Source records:
■ ■ ■ ■ ■ ■ ■

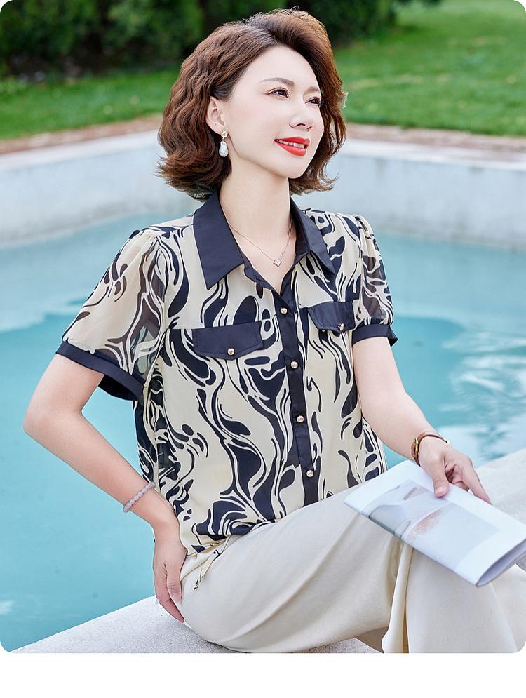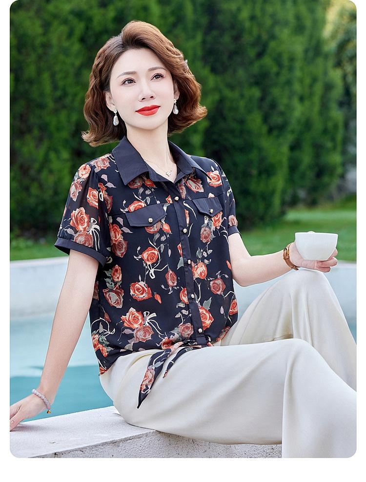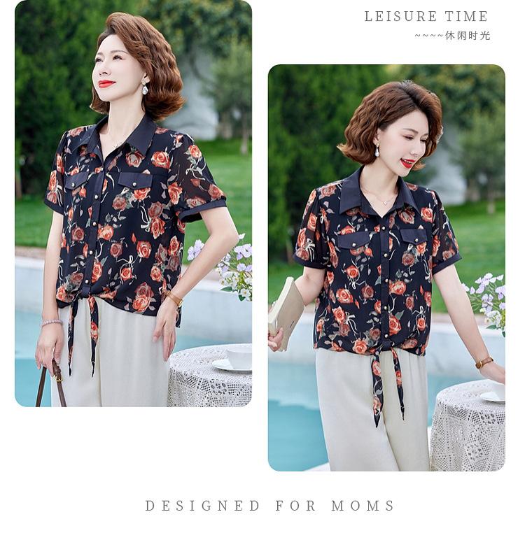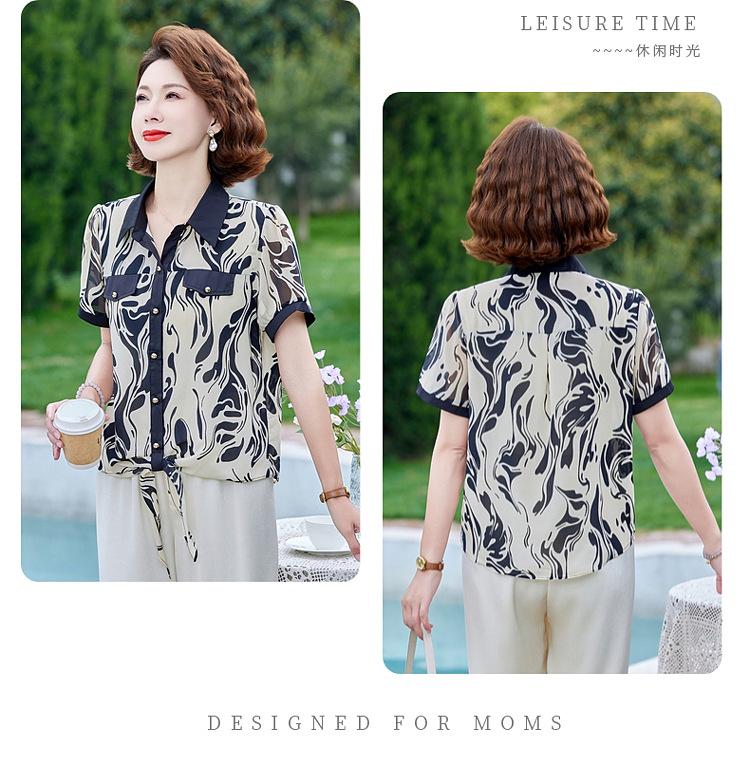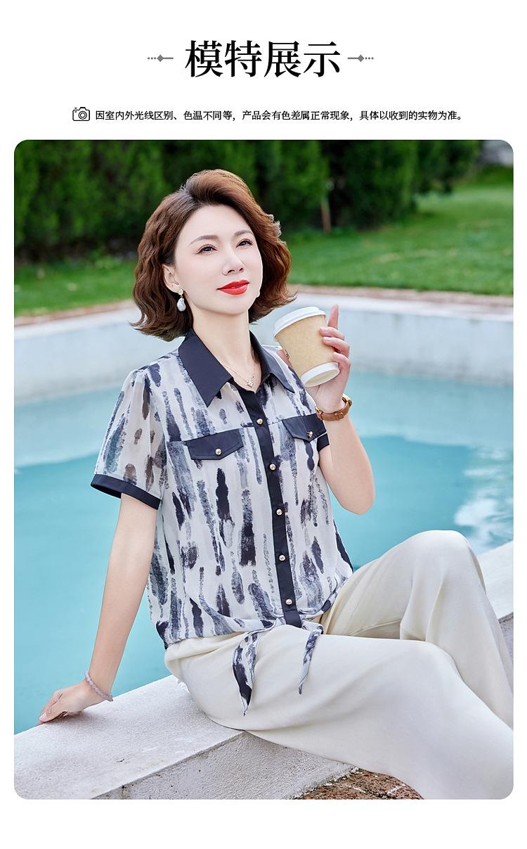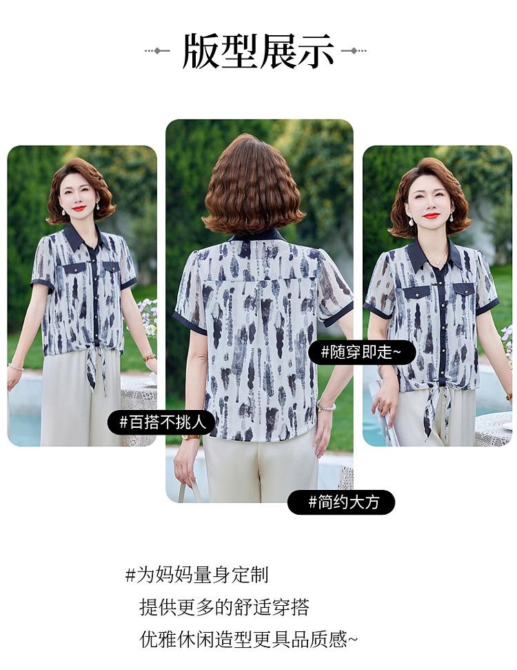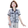 2025 Verano Nueva Moda Camisa de Manga Corta para Madre Camisa Elegante con Solapa para Mujeres de Mediana Edad y Mayores Top Cubre-carne
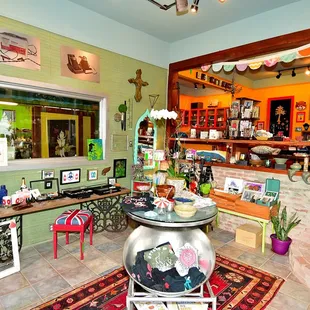 This little gem of a store contains the coolest art work in the guise of pillows, clothes, postcards, earrings, soap, etc... The owner is fun and easy to talk to. I like to visit this store on my lunch break if I am having a tough day at work! It always brightens my mood. I am so glad I discovered such an eclectic shop that is not on Magazine Street.
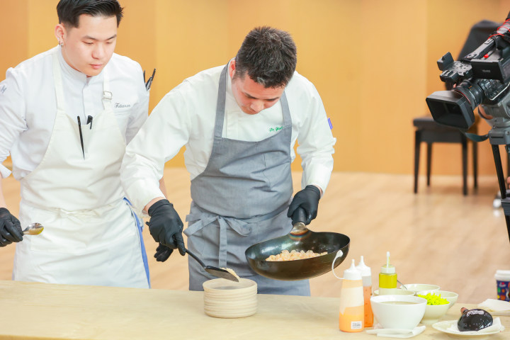 傅月良大師現(xiàn)場制作餐廳招牌菜——第50多版的龍井蝦仁和百花釀蝦膠,還分享了堅持傳承創(chuàng)新杭幫菜的的心路歷程,講解菜肴背后的文化故事。
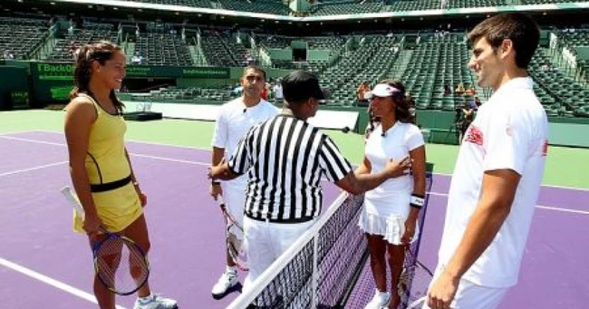 Pentru a sublinia că tenisul este un sport care poate fi practicat de oricine şi în care distracţia trebuie să fie în prim plan, la Miami s-a organizat un meci inedit de dublu mix, intitulat, sugestiv, „Glam. Set. Match". De o parte a fileului s-au aflat frumoasa Ana Ivanovic şi cântăreţul Jay Sean, iar de cealaltă Novak Djokovic şi fosta componentă a Spice Girls, Mel B. A rezultat un meci incredibil de amuzant, în care toată lumea s-a simţit bine. Iar rezultatul... chiar nu contează.
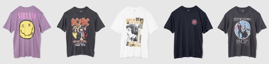 ニルヴァーナ、レッド・ホット・チリ・ペッパーズ、AC/DC、ジミ・ヘンドリックス、フリートウッド・マックとのTシャツがラインナップ
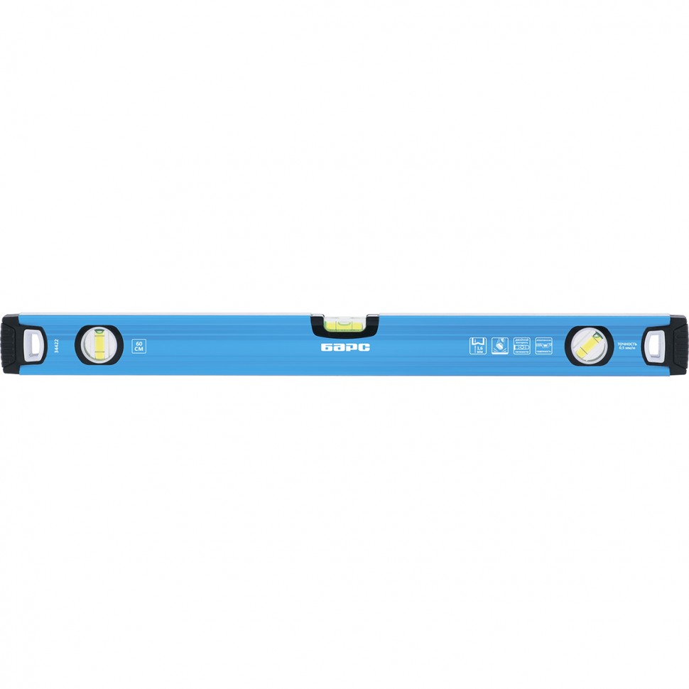 Фрезерованный алюминиевый уровень Барс 34430 длиной 1500 мм, с профилем 1,6 мм и ударопрочными заглушками, оснащен 3 глазками, которые позволяют проверить вертикальные, горизонтальные поверхности и соответствие наклонных поверхностей углу 45 градусов. Инструмент повышает точность строительных и ремонтных работ.Для определения отклонения вертикали 90 градусов необходимо использовать пузырьковую ампулу только в верхнем положении уровня. Только базовая поверхность является рабочей (противоположная ампуле 180 градусов).ПреимуществаИнструмент изготовлен из легкого и прочного алюминиевого профиля (марка 6063).Высокая точность работы достигается за счет фрезерованной рабочей части и двойного контроля при установке ампул.V-образная форма подошвы обеспечивает возможность фиксации инструмента на трубах при проведении сантехнических работ.Уровень выдерживает падения с небольшой высоты за счет заглушек из износостойкой термопластичной резины (TPR).Строительный уровень удобно хранить на крючке, т.к. в боковых частях имеют
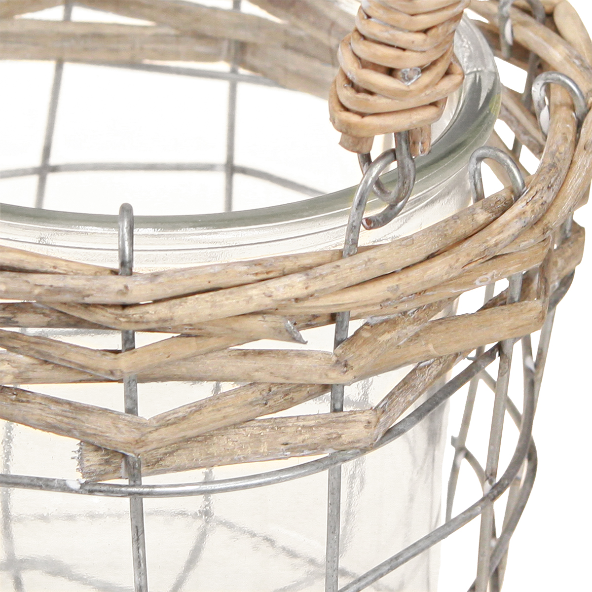 Windlicht zum Hängen aus Glas, Metall und Weide – rustikale Eleganz für Ihren Garten

■ ■ ■ ■ ■ ■ ■

## Assignment
Using the entries above, write out exactly the lines from the one with "傅月良大師現(xiàn)場制" through the one with "ニルヴァーナ、レッド・ホット", ends included. Leave out any pictures.

## Output for this task
 傅月良大師現(xiàn)場制作餐廳招牌菜——第50多版的龍井蝦仁和百花釀蝦膠,還分享了堅持傳承創(chuàng)新杭幫菜的的心路歷程,講解菜肴背后的文化故事。
 Pentru a sublinia că tenisul este un sport care poate fi practicat de oricine şi în care distracţia trebuie să fie în prim plan, la Miami s-a organizat un meci inedit de dublu mix, intitulat, sugestiv, „Glam. Set. Match". De o parte a fileului s-au aflat frumoasa Ana Ivanovic şi cântăreţul Jay Sean, iar de cealaltă Novak Djokovic şi fosta componentă a Spice Girls, Mel B. A rezultat un meci incredibil de amuzant, în care toată lumea s-a simţit bine. Iar rezultatul... chiar nu contează.
 ニルヴァーナ、レッド・ホット・チリ・ペッパーズ、AC/DC、ジミ・ヘンドリックス、フリートウッド・マックとのTシャツがラインナップ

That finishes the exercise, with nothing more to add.